EXERCISE PROMPT →
Look through the entries below for the line with "काठमाडौं । अवसर" and the line with "Распоряжение от 26", then give again exactly those two lines and all lines between them, minus the pictures.

ENTRIES SHOWN →
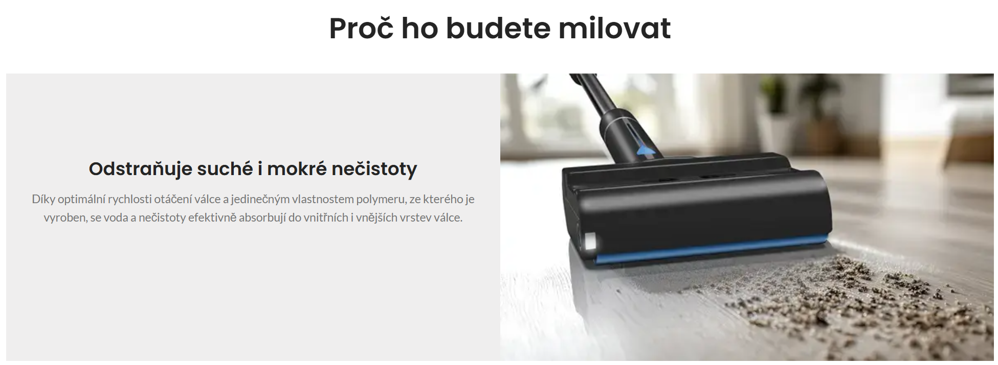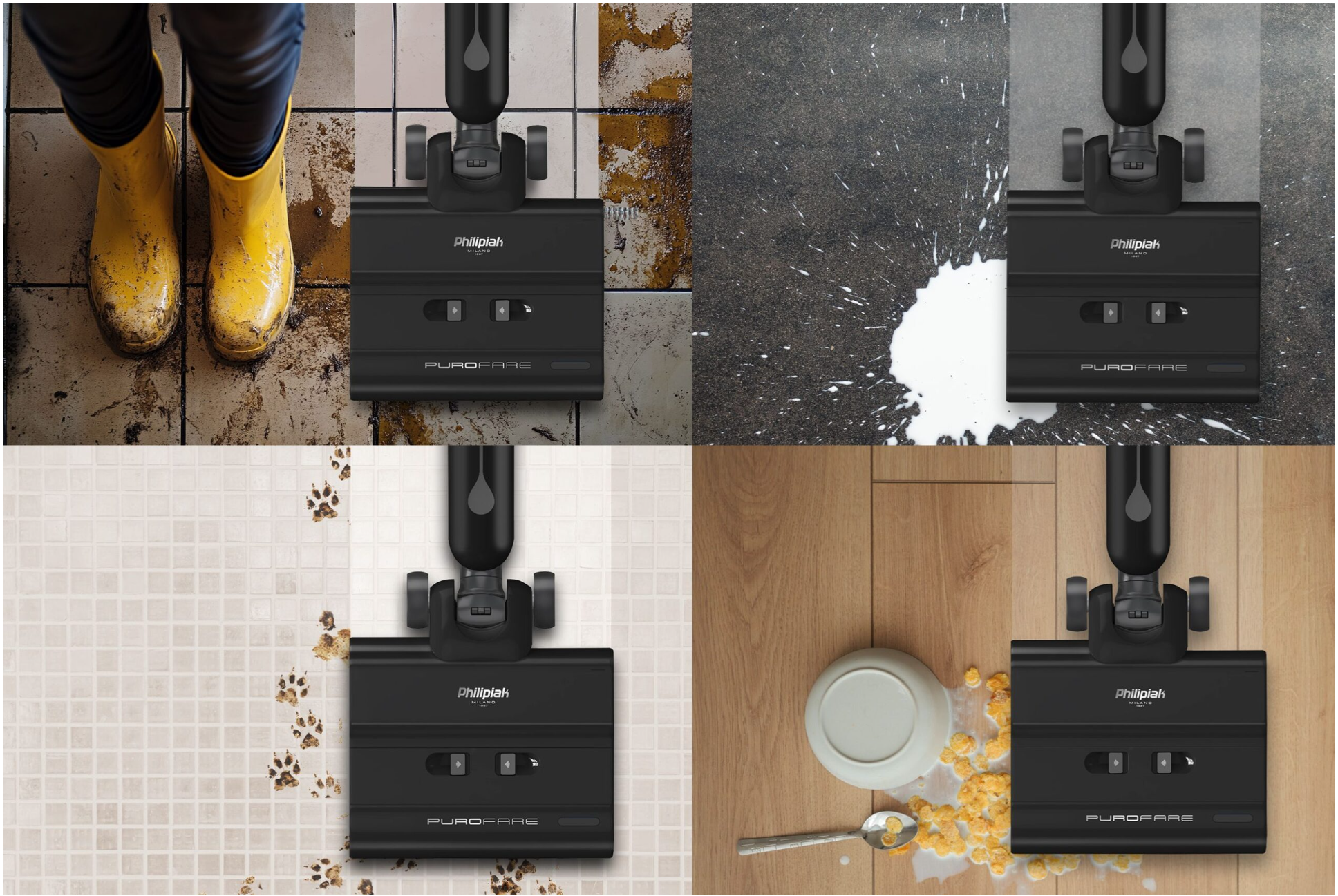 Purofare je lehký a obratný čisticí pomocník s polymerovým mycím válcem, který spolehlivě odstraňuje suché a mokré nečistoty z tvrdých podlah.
==
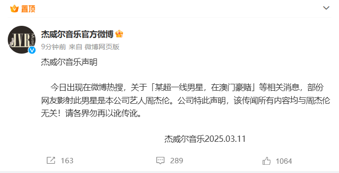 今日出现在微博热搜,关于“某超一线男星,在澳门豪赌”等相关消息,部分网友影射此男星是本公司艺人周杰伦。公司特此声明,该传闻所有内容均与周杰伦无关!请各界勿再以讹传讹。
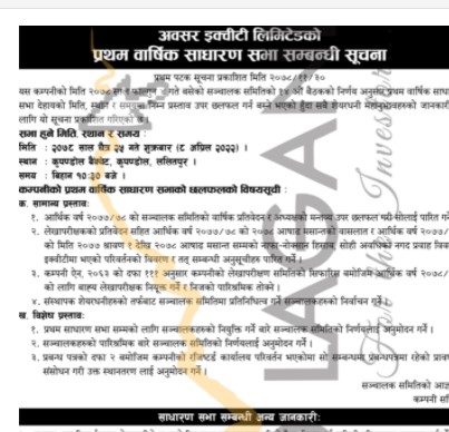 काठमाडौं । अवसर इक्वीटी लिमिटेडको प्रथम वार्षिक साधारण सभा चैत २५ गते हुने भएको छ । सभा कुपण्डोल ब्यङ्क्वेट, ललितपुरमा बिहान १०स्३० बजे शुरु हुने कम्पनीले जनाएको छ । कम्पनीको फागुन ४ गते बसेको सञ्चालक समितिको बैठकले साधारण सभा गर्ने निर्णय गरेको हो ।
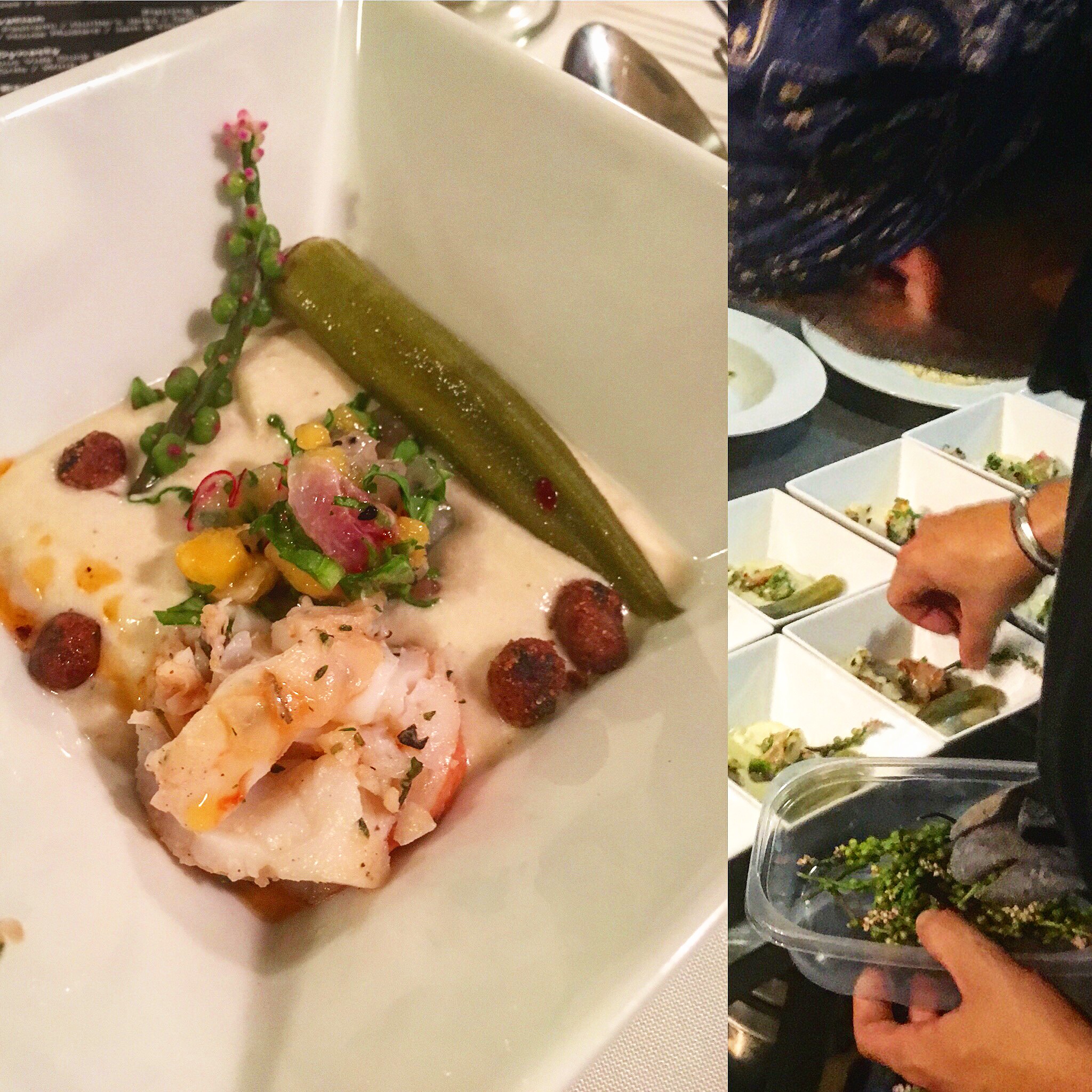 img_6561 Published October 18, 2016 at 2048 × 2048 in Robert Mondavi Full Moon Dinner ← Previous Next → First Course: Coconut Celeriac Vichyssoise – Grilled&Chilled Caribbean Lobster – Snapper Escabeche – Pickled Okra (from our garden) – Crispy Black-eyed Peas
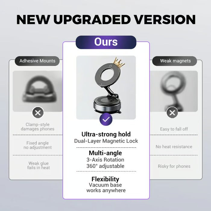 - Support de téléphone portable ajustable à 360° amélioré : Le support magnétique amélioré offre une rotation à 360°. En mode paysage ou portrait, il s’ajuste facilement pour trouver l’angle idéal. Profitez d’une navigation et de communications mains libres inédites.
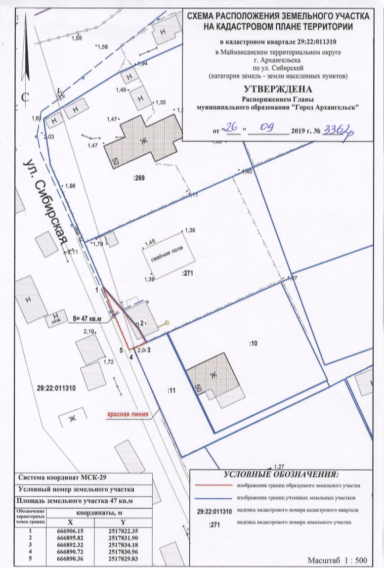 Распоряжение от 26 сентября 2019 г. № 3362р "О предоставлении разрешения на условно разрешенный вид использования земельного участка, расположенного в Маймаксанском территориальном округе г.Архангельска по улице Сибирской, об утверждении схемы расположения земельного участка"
* * *
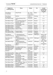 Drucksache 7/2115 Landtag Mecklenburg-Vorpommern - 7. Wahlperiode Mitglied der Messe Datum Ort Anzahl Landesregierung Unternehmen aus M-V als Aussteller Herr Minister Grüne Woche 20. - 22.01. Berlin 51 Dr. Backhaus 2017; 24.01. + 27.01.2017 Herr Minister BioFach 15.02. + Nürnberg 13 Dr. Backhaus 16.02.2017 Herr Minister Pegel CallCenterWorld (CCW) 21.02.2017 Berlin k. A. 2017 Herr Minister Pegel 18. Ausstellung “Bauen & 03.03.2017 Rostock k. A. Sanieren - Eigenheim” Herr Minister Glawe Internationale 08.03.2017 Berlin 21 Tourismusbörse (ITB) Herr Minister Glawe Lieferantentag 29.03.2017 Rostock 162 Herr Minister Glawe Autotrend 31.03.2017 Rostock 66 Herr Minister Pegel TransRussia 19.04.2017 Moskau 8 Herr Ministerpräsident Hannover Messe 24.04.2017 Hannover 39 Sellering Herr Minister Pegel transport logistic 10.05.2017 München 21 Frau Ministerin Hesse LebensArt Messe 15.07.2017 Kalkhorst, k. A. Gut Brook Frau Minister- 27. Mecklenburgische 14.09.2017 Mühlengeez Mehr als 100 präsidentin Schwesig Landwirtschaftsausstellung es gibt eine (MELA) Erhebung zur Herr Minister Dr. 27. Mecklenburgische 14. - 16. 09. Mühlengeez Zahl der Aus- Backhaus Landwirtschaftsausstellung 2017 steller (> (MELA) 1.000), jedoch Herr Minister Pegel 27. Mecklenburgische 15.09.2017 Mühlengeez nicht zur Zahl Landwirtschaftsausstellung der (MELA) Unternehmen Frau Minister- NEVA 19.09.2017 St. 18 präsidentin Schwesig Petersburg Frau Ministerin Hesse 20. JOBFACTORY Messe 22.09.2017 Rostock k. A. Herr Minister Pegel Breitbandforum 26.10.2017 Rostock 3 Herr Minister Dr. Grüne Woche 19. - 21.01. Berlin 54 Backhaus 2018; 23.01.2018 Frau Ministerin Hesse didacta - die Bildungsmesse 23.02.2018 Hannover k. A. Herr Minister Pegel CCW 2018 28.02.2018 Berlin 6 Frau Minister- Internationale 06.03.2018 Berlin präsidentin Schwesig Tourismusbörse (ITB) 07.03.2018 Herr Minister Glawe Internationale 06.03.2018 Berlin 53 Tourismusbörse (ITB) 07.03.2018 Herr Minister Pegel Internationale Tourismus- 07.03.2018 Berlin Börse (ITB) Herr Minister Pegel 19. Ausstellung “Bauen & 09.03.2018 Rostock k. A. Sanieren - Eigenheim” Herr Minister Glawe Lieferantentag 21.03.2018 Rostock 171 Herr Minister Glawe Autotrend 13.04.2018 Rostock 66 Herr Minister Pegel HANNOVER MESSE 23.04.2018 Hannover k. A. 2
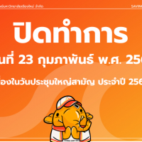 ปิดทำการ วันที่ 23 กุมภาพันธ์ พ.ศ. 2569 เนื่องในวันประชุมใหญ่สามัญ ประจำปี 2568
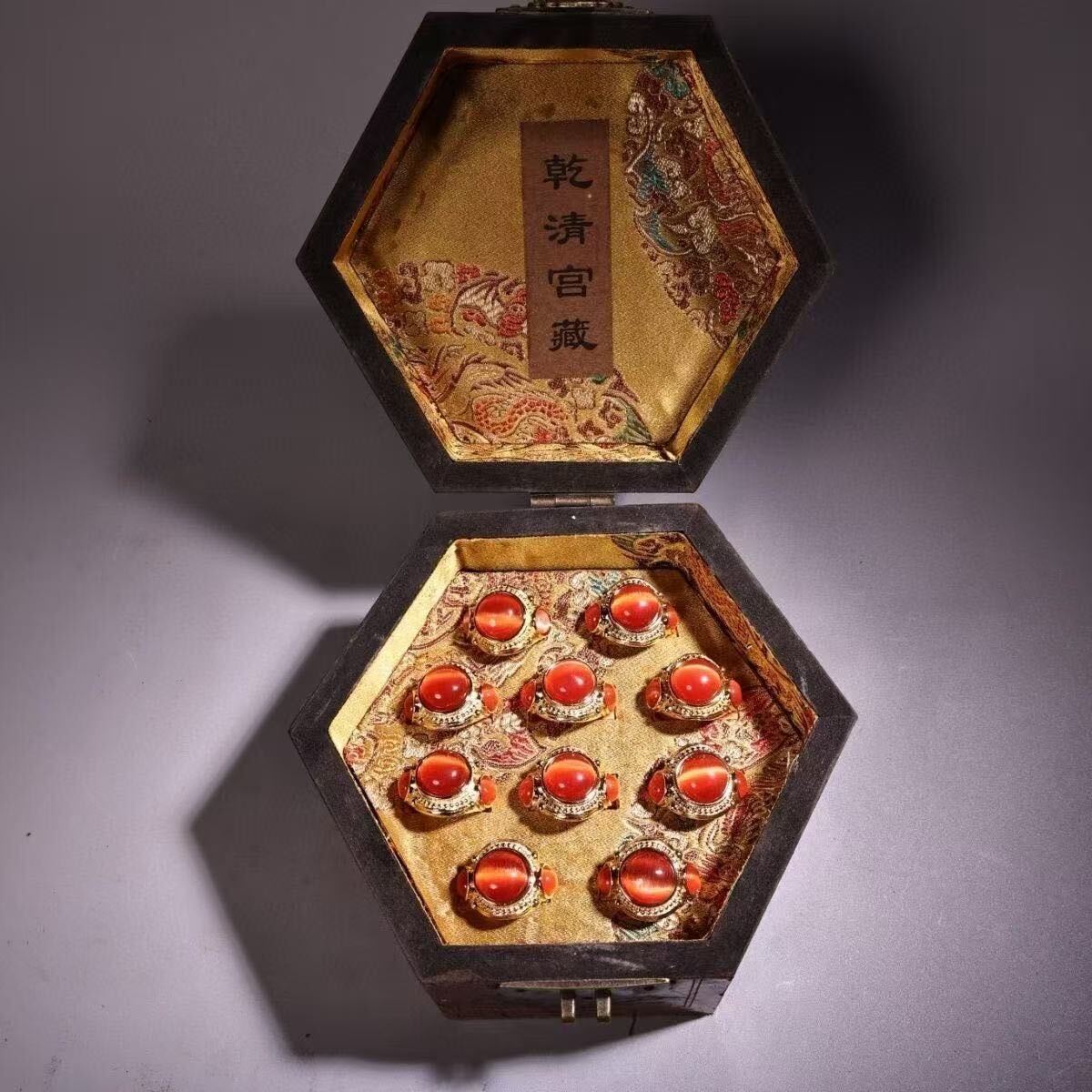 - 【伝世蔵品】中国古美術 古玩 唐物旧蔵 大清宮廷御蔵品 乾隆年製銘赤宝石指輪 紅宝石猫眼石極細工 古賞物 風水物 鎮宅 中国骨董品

EXERCISE RESPONSE →
 काठमाडौं । अवसर इक्वीटी लिमिटेडको प्रथम वार्षिक साधारण सभा चैत २५ गते हुने भएको छ । सभा कुपण्डोल ब्यङ्क्वेट, ललितपुरमा बिहान १०स्३० बजे शुरु हुने कम्पनीले जनाएको छ । कम्पनीको फागुन ४ गते बसेको सञ्चालक समितिको बैठकले साधारण सभा गर्ने निर्णय गरेको हो ।
 img_6561 Published October 18, 2016 at 2048 × 2048 in Robert Mondavi Full Moon Dinner ← Previous Next → First Course: Coconut Celeriac Vichyssoise – Grilled&Chilled Caribbean Lobster – Snapper Escabeche – Pickled Okra (from our garden) – Crispy Black-eyed Peas
 - Support de téléphone portable ajustable à 360° amélioré : Le support magnétique amélioré offre une rotation à 360°. En mode paysage ou portrait, il s’ajuste facilement pour trouver l’angle idéal. Profitez d’une navigation et de communications mains libres inédites.
 Распоряжение от 26 сентября 2019 г. № 3362р "О предоставлении разрешения на условно разрешенный вид использования земельного участка, расположенного в Маймаксанском территориальном округе г.Архангельска по улице Сибирской, об утверждении схемы расположения земельного участка"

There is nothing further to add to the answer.